WORK TO BE COMPLETED
The answer should hold only the lines from the beginning of the listing below to the line containing "3、在悬空障碍物面前则按住右箭头同时,连续按两次按键来操控角色跳跃过去", both included, with every picture left out.

= Beginning of Section =

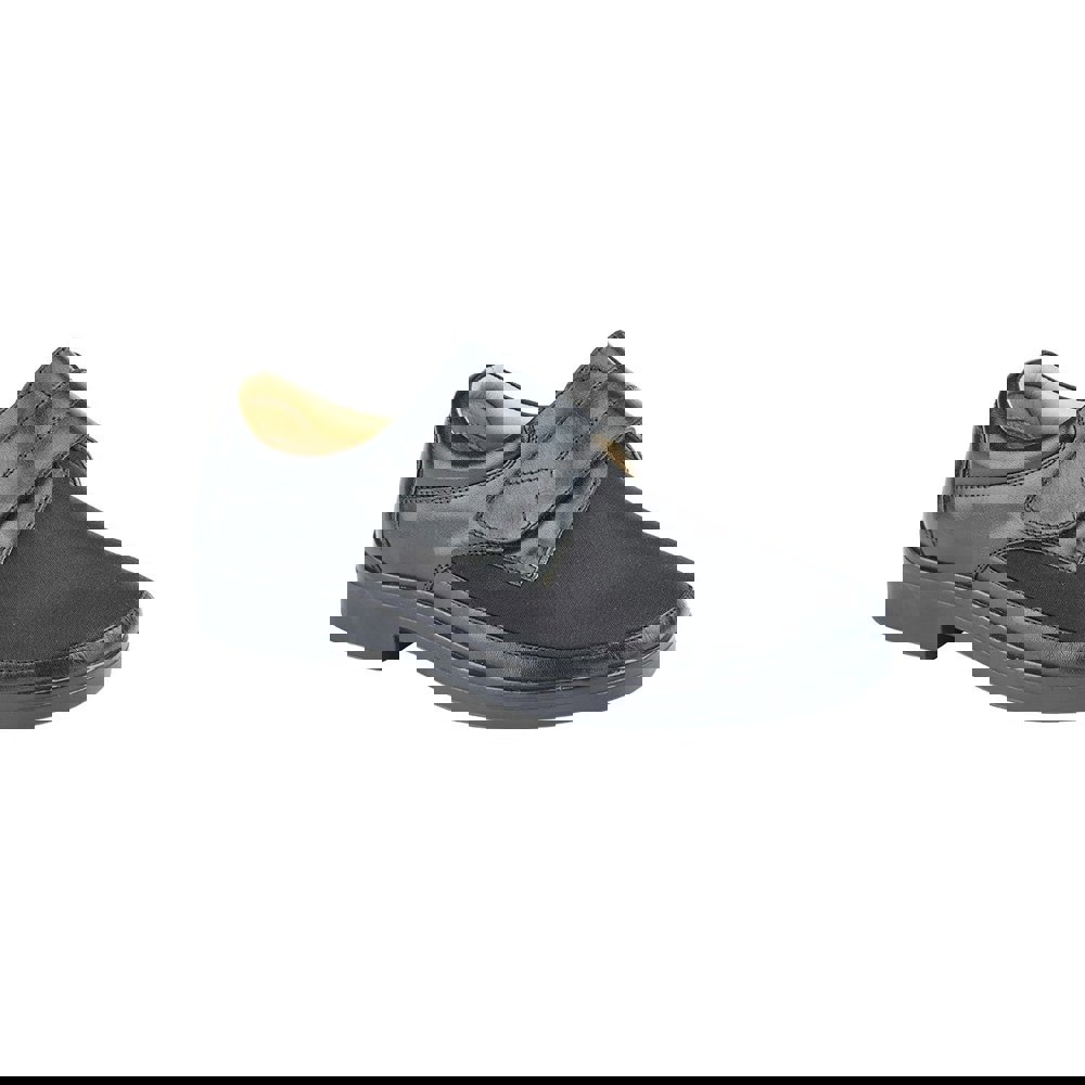 These men’s shoes from Roamers come in black with a textured finish and a low heel. The upper combines leather and textile, with an elastane and leather lining. An elastic fabric element and touch fastening complete the construction.
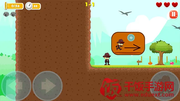 3、在悬空障碍物面前则按住右箭头同时,连续按两次按键来操控角色跳跃过去
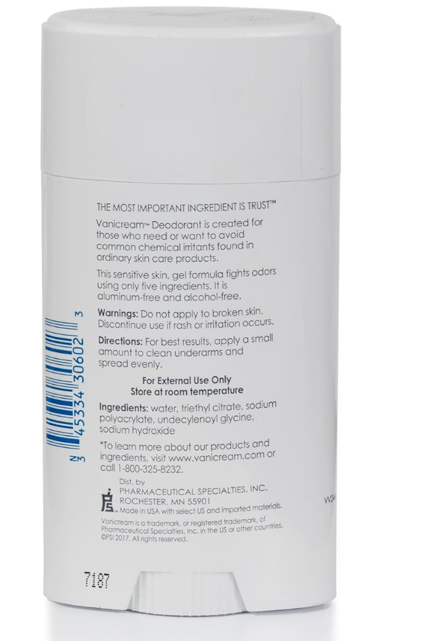 Vanicream Aluminum-Free Gel Deodorant - 2 oz - Unscented Formula for Sensitive Skin
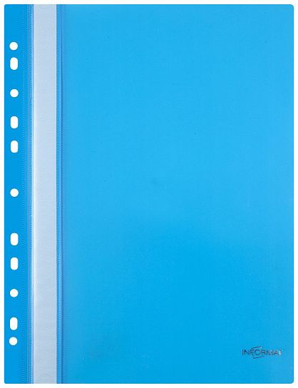 Формат: А4 Цвет: голубой Наличие перфорации: Да Ширина, мм: 230 Высота, мм: 310 Материал: пластик Мин. партия и варианты упаковок: 1 / 25 / 400 Папка скоросшиватель INFORMAT А4 голубая, пластик 180 мкм, карман для маркировки, с перфорацией
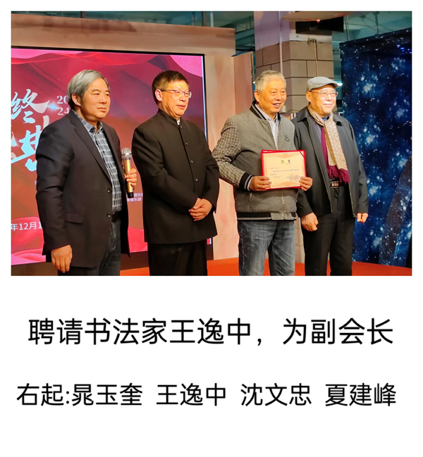 在聘书颁发证书的仪式上,夏建峰会长,邀请了晁玉奎、沈文忠、李凤吾,一起上台颁发证书。
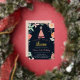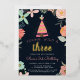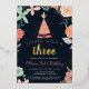 Las invitaciones para su tercer cumpleaños salvaje incluyen un borde floral boho y un ilustracion de té rosado. "Joven, salvaje y tres" aparece en letras de Relieve metalizado dorado, con los detalles de tu fiesta de tercer cumpleaños debajo, sobre un rico fondo azul marino acentuado con guarnecido de Relieve metalizado dorado.
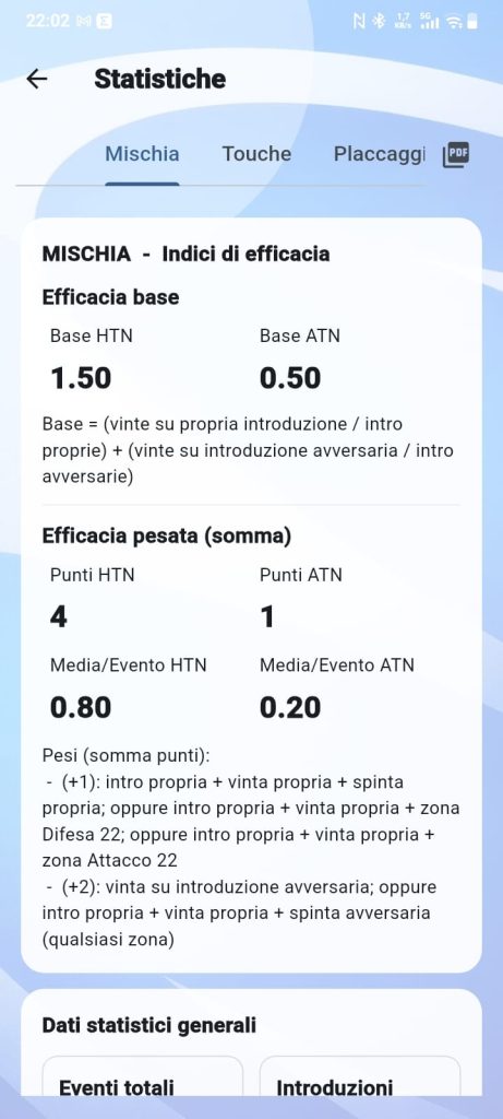 Nella sezione dedicata alle statistiche, con comode tab divise per moduli, l’utente può leggere in tempo reale i dati inseriti e valutare con grafici e numeri l’andamento della partita.
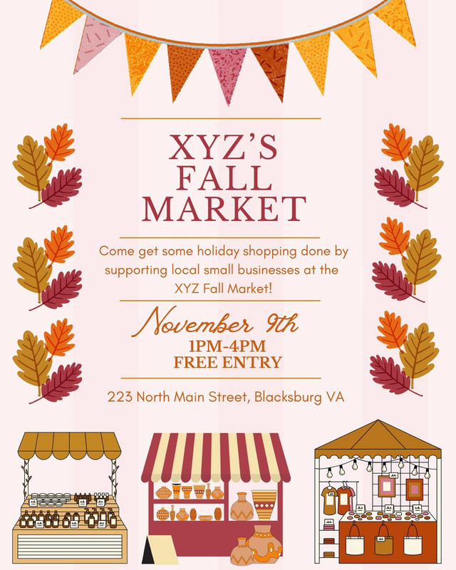 To view the event flyer, visit: https://i.postimg.cc/ncZCHNyr/XYZGallery-Fall-Market-11-9-25.jpg.
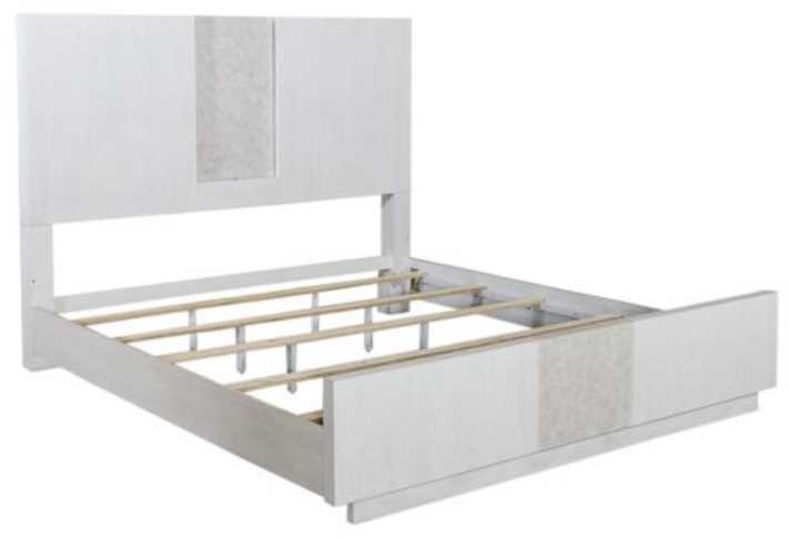 Light up your room using the Mirage panel bed. Crafted with rubberwood solids and quartered white oak veneers, the white finish is accented by wire brushing and a floating center faux travertine insert on the headboard and footboard, adding a modern flair.Read More
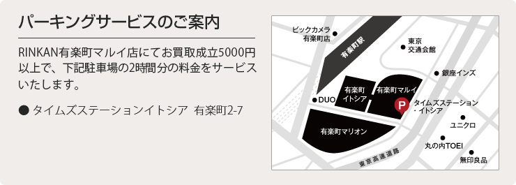 国道20号線、皇居外苑からすぐ、または国道15号線から銀座交差点を入ってもお越しいただけます。有楽町マルイのビル地下2階にタイムズステーションイトシアパーキングがあり、直結でご利用いただけます。RINKAN有楽町マルイ店にて5千円以上のお買取成約で、2時間分の駐車代をサービスいたします。
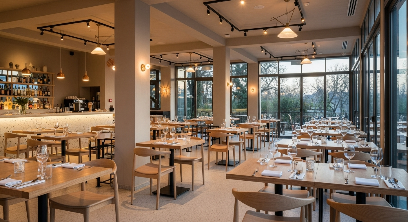 Más allá de la normativa, el diseño interior es lo que dará personalidad a tu restaurante y creará una experiencia memorable para tus clientes. Un buen diseño no es solo decoración; es estrategia. Debe alinear la identidad de tu marca con un ambiente funcional y acogedor.
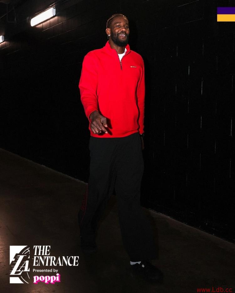 湖人众将入场穿搭:里夫斯穿球队周边 艾顿喜庆大红袍 拉拉满身花
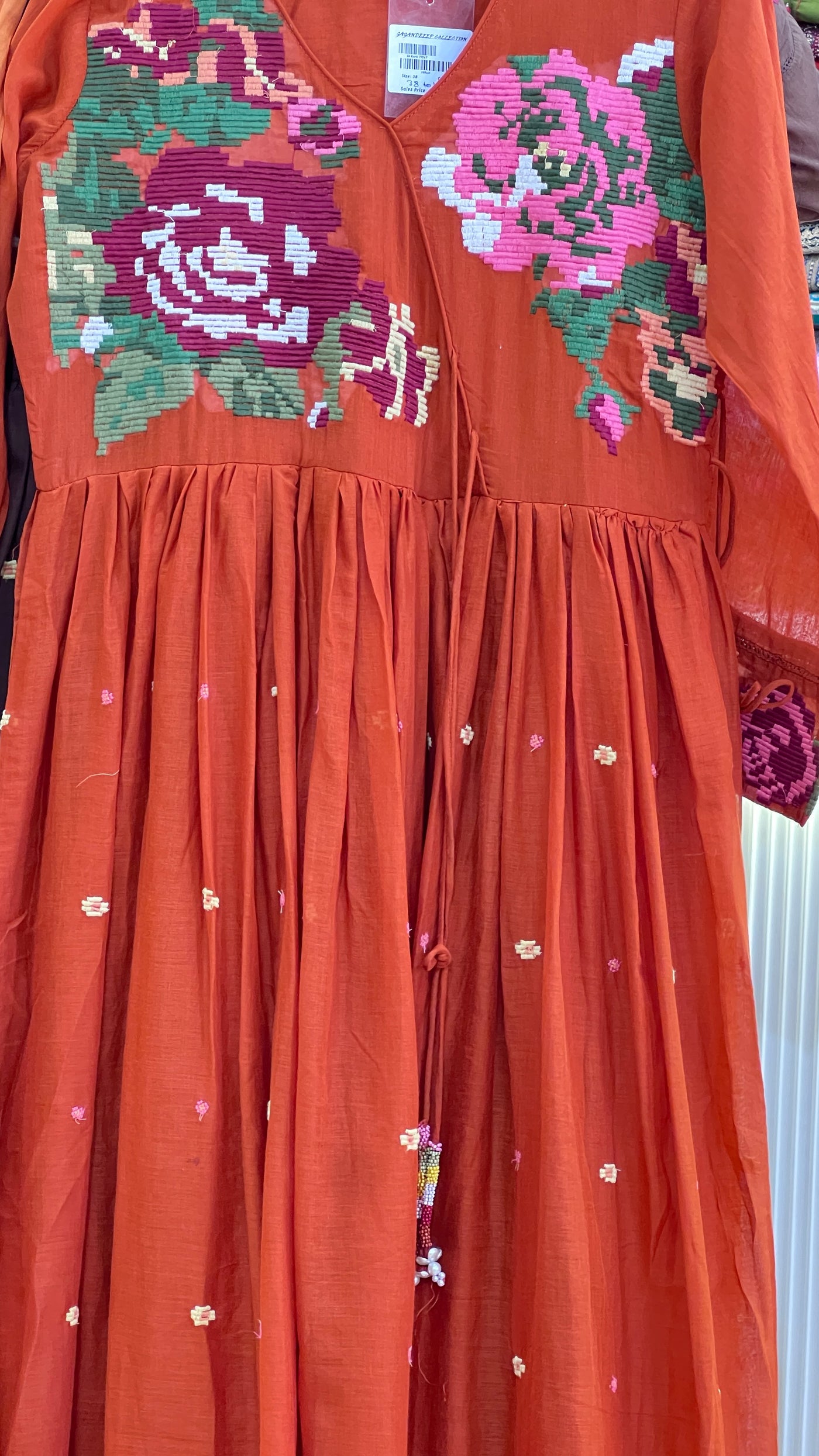 Embrace timeless elegance with this mul cotton anarkali suit, crafted for comfort and grace. The lightweight mul cotton fabric drapes beautifully, perfect for warm weather wear. Adorned with intricate Kullu embroidery, each piece tells a story of traditional craftsmanship. The generous flair of the anarkali silhouette creates a flattering, flowing look that moves with you. Ideal for festive occasions, celebrations, or everyday sophistication. A versatile addition to your ethnic wardrobe that blends heritage artistry with contemporary style.

= End of Section =

WRITTEN RESPONSE
 These men’s shoes from Roamers come in black with a textured finish and a low heel. The upper combines leather and textile, with an elastane and leather lining. An elastic fabric element and touch fastening complete the construction.
 3、在悬空障碍物面前则按住右箭头同时,连续按两次按键来操控角色跳跃过去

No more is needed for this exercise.